» **WHAT THIS TASK INVOLVES**:
The records below are to be repeated exactly, minus any pictures.

BEGIN

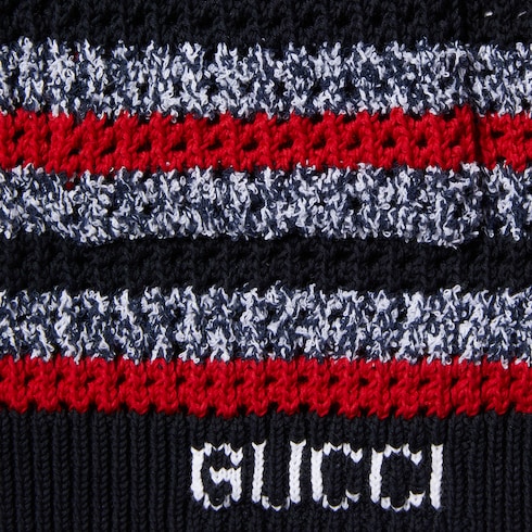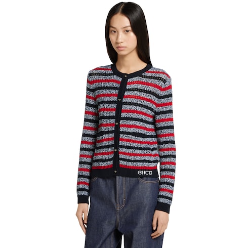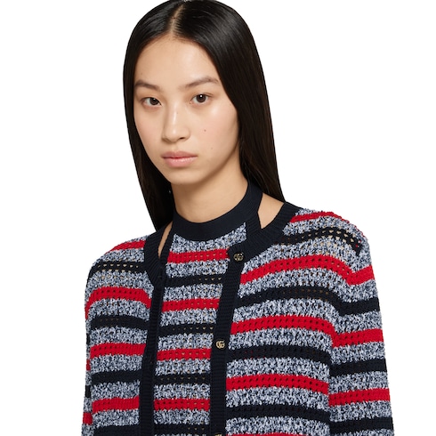 Maritime Designs, inspiriert vom Meer, verleihen der Pre-Fall 2025 Kollektion mit Streifen, unverwechselbaren Motiven und kontrastierenden Besätzen eine frische Note. Dieser Cardigan aus feinem, gestreiftem Baumwollstrick ist mit einer dezenten Gucci Intarsie versehen.
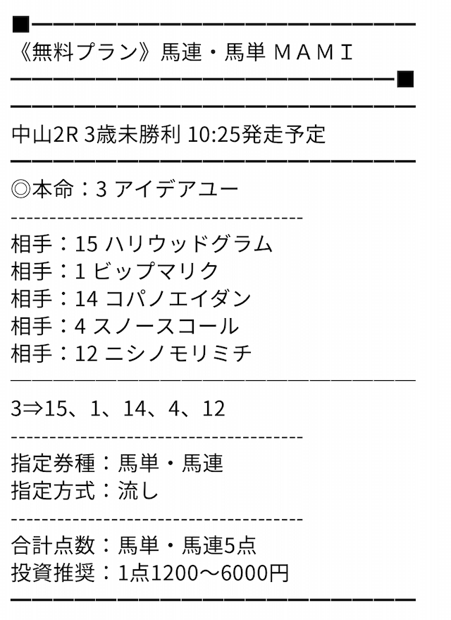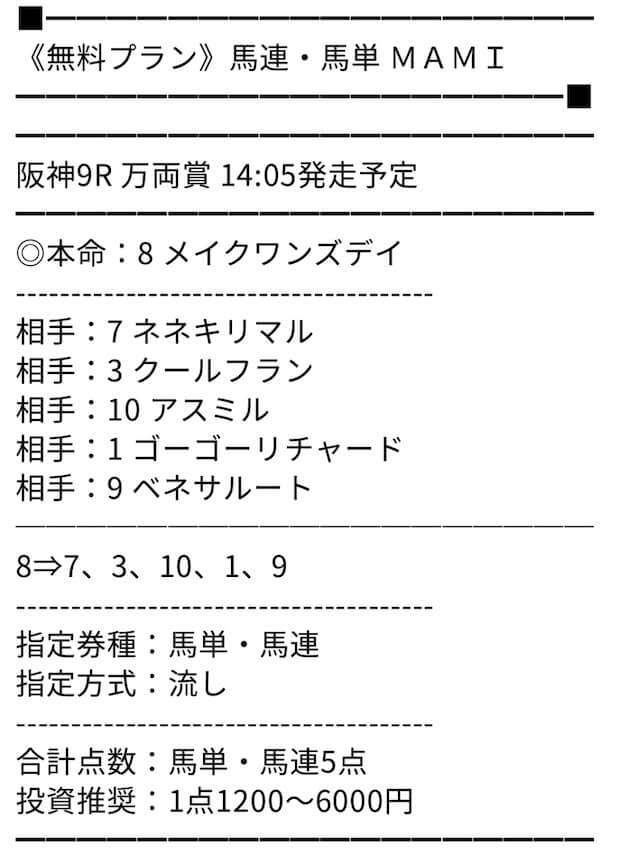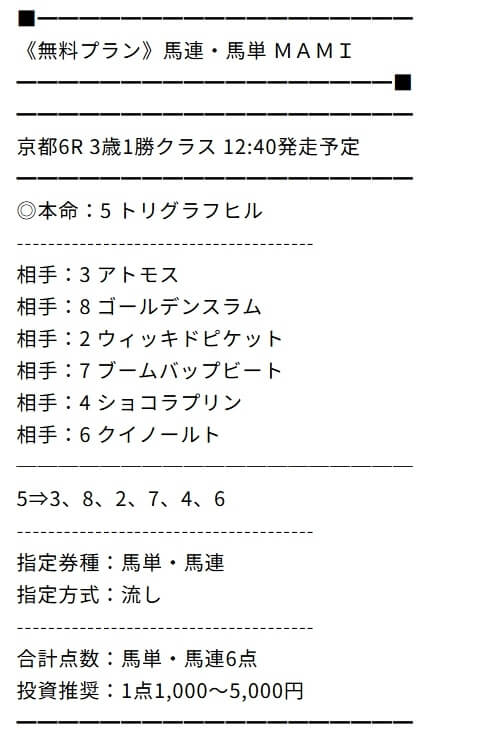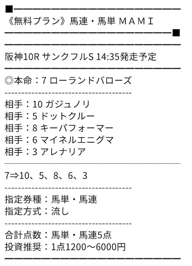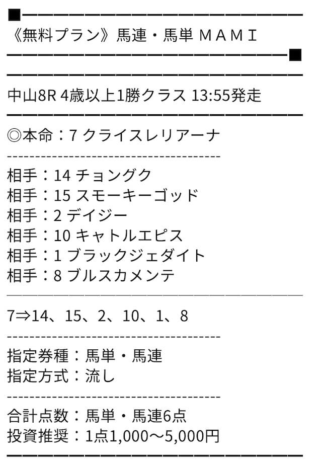 MAMIさんの予想はホントに的中率高いです。
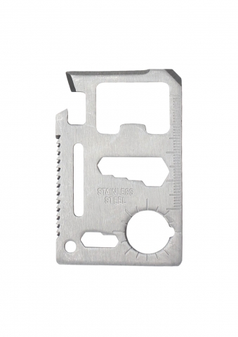 Third SP01 Multi-Purpose Card, made of 420 steel, measuring 7 cm x 4.5 cm, with various uses, such as saw, screwdriver, bottle opener, and hex wrench, with a black leatherette sheath. Ref. SP01 Model: SP01 Handle: 420 steel Blade: 420 steel Size: 4.5 [...]
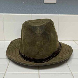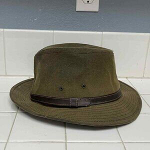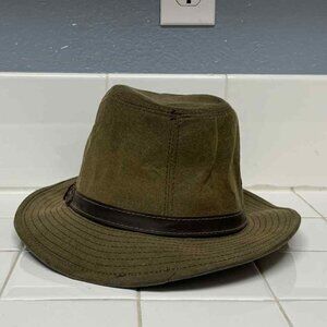 Henschel Hat Co. H1H suede safari hat, size large, color is brown, it has a bit of discoloration on one side otherwise in good condition
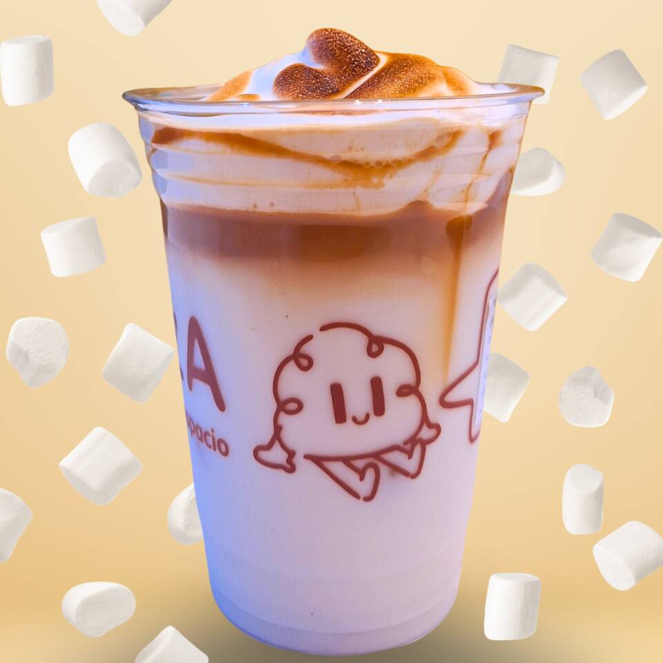 Latte sabor malvavisco coronado con crema de malvavisco flameado, el favorito de Pau. (Versión caliente es con malvaviscos)
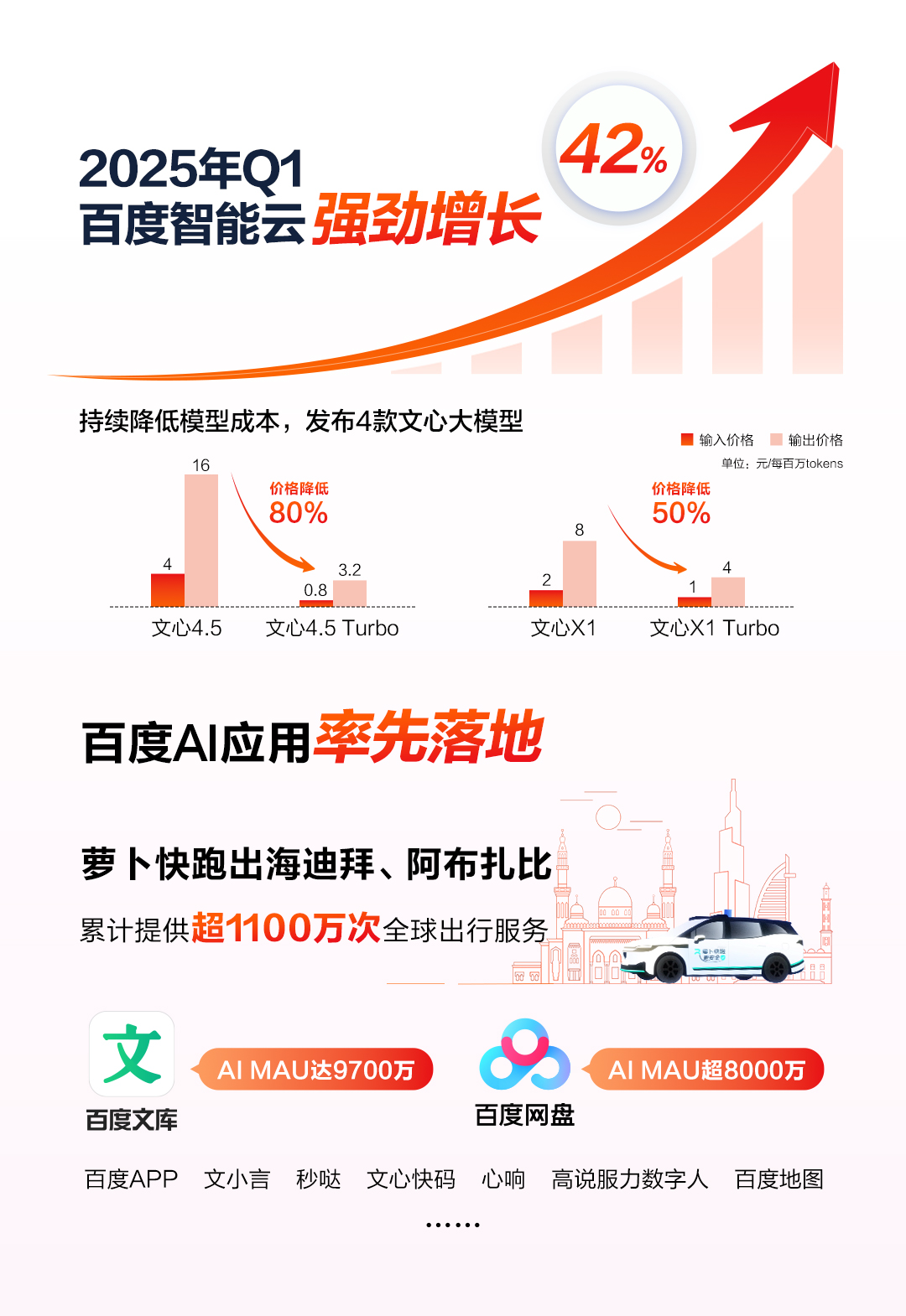 “智能雲業務表現強勁,凸顯市場對我們提供高性價比全棧AI產品及解決方案這一獨特優勢的認可度與日俱增。我們的無人駕駛出行服務也取得關鍵進展,蘿蔔快跑已拓展全球市場,進入迪拜和阿布扎比,彰顯了我們為全球市場提供安全、舒適和便捷無人駕駛出行服務的決心。”百度創始人李彥宏表示,“我們相信,AI-first戰略使我們能保持領先地位,在AI時代抓住長期增長機會。”
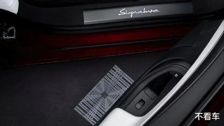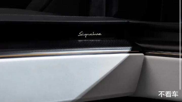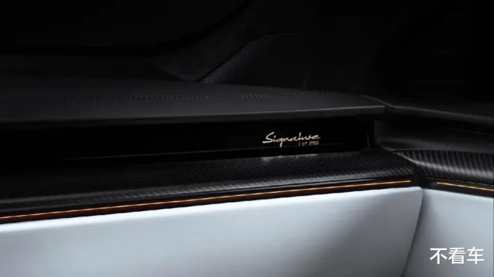 内饰为白色高级材质,带有金色Plaid座椅徽标、金色缝线、签名版门槛饰板,以及仪表板上标注限量编号的专属铭牌(如“1/250”)。此外,还包括签名版钥匙扣、金色Plaid迎宾灯、特殊内饰灯光序列以及Luxe豪华套件等细节,尽显收藏级质感。方向盘采用Yoke式设计。
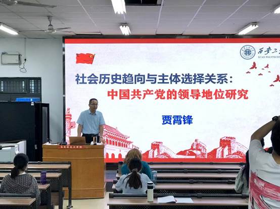 2022年5月16日下午,在思政3D虚拟仿真实践体验中心,西安工程大学WilliamHill体育教授、硕士生导师贾霄锋为WilliamHill体育部分师生作题为《社会历史趋向与主体选择:中国共产党的领导地位研究》的学术报告。受帮扶单位陕西铁路工程职业技术公司WilliamHill体育、渭南职业技术公司WilliamHill体育部分教师代表线上参会,公司教师代表、部分思政专业员工线下聆听了本场报告会。报告会由单剑峰副经理主持。
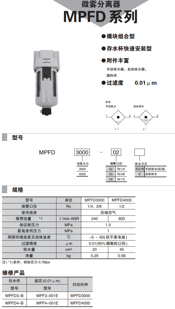 詳細信息 MPFD3000-02,MPFD3000-03,MPFD3000-04,MPFD4000-02,MPFD4000-03,MPFD4000-04,微霧分離器
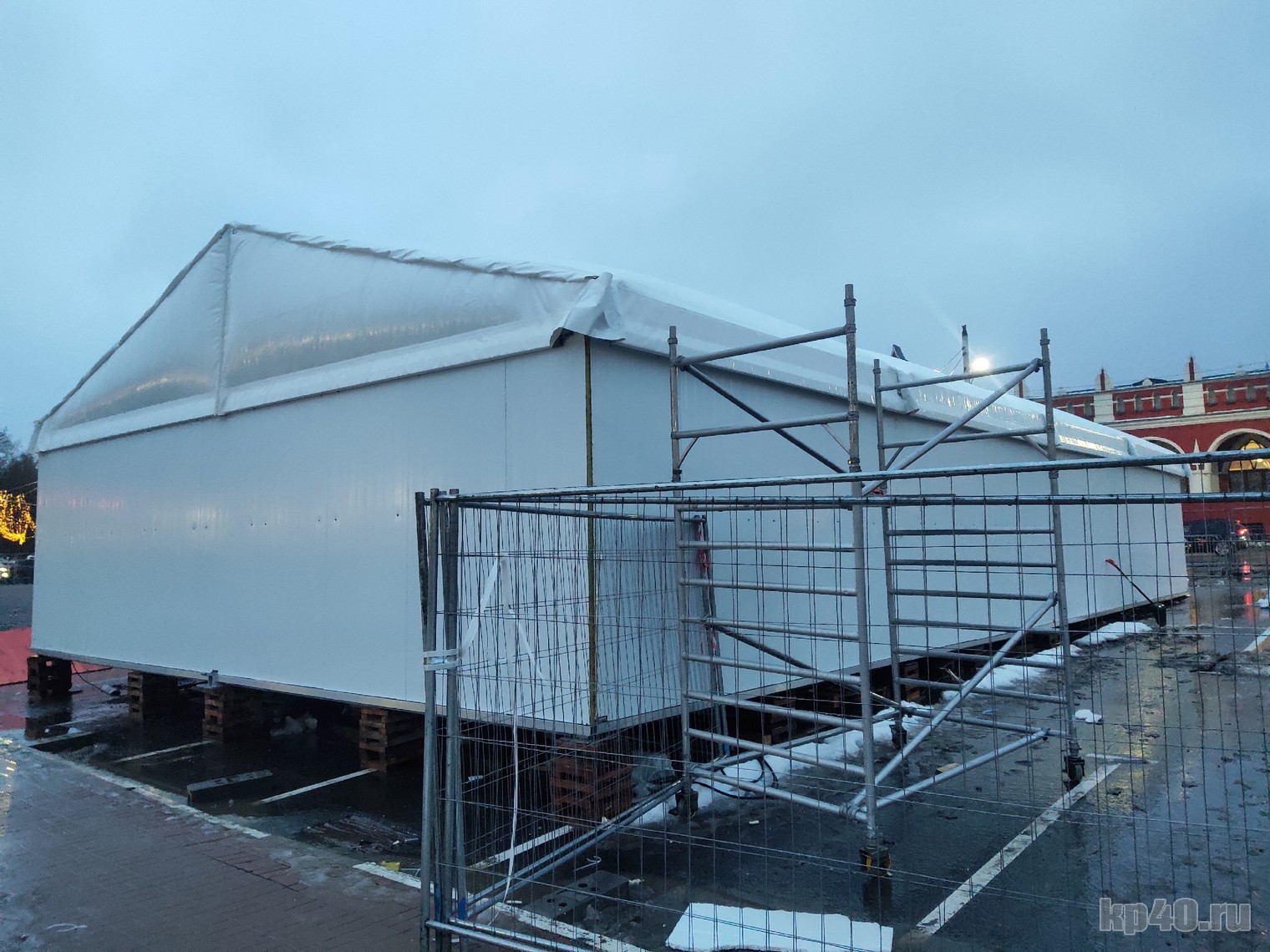 На площади Старый Торг в Калуге продолжается монтаж временного катка.
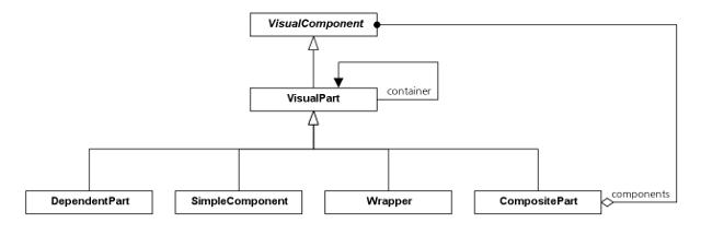 이제 비주얼웍스의 VisualComponent 계층구조에 있는 메인 클래스를 살펴보자. 컴포넌트 클래스는 VisualComponent이고, CompositePartSimpleComponent는 Composite 클래스, Leaf 클래스는 DependentPark와 SimpleComponent이다. 여기서 Wrapper가 흥미롭다; 사실상 Decorator (161) 패턴에서 Decorator 클래스이지만 다음 페이지에서 설명하는 바와 같이 Composite 클래스에서는 Leaf 클래스가 된다.
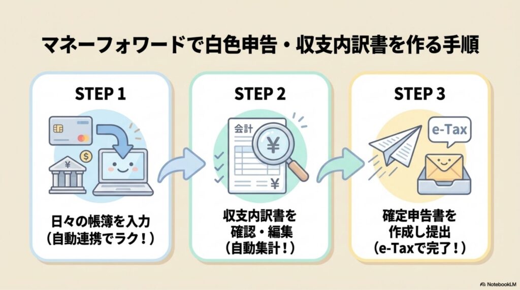 マネーフォワードクラウドで白色申告を行う流れは、大きく3つのステップに分かれます。

END

» **ANSWER**:
 Maritime Designs, inspiriert vom Meer, verleihen der Pre-Fall 2025 Kollektion mit Streifen, unverwechselbaren Motiven und kontrastierenden Besätzen eine frische Note. Dieser Cardigan aus feinem, gestreiftem Baumwollstrick ist mit einer dezenten Gucci Intarsie versehen.
 MAMIさんの予想はホントに的中率高いです。
 Third SP01 Multi-Purpose Card, made of 420 steel, measuring 7 cm x 4.5 cm, with various uses, such as saw, screwdriver, bottle opener, and hex wrench, with a black leatherette sheath. Ref. SP01 Model: SP01 Handle: 420 steel Blade: 420 steel Size: 4.5 [...]
 Henschel Hat Co. H1H suede safari hat, size large, color is brown, it has a bit of discoloration on one side otherwise in good condition
 Latte sabor malvavisco coronado con crema de malvavisco flameado, el favorito de Pau. (Versión caliente es con malvaviscos)
 “智能雲業務表現強勁,凸顯市場對我們提供高性價比全棧AI產品及解決方案這一獨特優勢的認可度與日俱增。我們的無人駕駛出行服務也取得關鍵進展,蘿蔔快跑已拓展全球市場,進入迪拜和阿布扎比,彰顯了我們為全球市場提供安全、舒適和便捷無人駕駛出行服務的決心。”百度創始人李彥宏表示,“我們相信,AI-first戰略使我們能保持領先地位,在AI時代抓住長期增長機會。”
 内饰为白色高级材质,带有金色Plaid座椅徽标、金色缝线、签名版门槛饰板,以及仪表板上标注限量编号的专属铭牌(如“1/250”)。此外,还包括签名版钥匙扣、金色Plaid迎宾灯、特殊内饰灯光序列以及Luxe豪华套件等细节,尽显收藏级质感。方向盘采用Yoke式设计。
 2022年5月16日下午,在思政3D虚拟仿真实践体验中心,西安工程大学WilliamHill体育教授、硕士生导师贾霄锋为WilliamHill体育部分师生作题为《社会历史趋向与主体选择:中国共产党的领导地位研究》的学术报告。受帮扶单位陕西铁路工程职业技术公司WilliamHill体育、渭南职业技术公司WilliamHill体育部分教师代表线上参会,公司教师代表、部分思政专业员工线下聆听了本场报告会。报告会由单剑峰副经理主持。
 詳細信息 MPFD3000-02,MPFD3000-03,MPFD3000-04,MPFD4000-02,MPFD4000-03,MPFD4000-04,微霧分離器
 На площади Старый Торг в Калуге продолжается монтаж временного катка.
 이제 비주얼웍스의 VisualComponent 계층구조에 있는 메인 클래스를 살펴보자. 컴포넌트 클래스는 VisualComponent이고, CompositePartSimpleComponent는 Composite 클래스, Leaf 클래스는 DependentPark와 SimpleComponent이다. 여기서 Wrapper가 흥미롭다; 사실상 Decorator (161) 패턴에서 Decorator 클래스이지만 다음 페이지에서 설명하는 바와 같이 Composite 클래스에서는 Leaf 클래스가 된다.
 マネーフォワードクラウドで白色申告を行う流れは、大きく3つのステップに分かれます。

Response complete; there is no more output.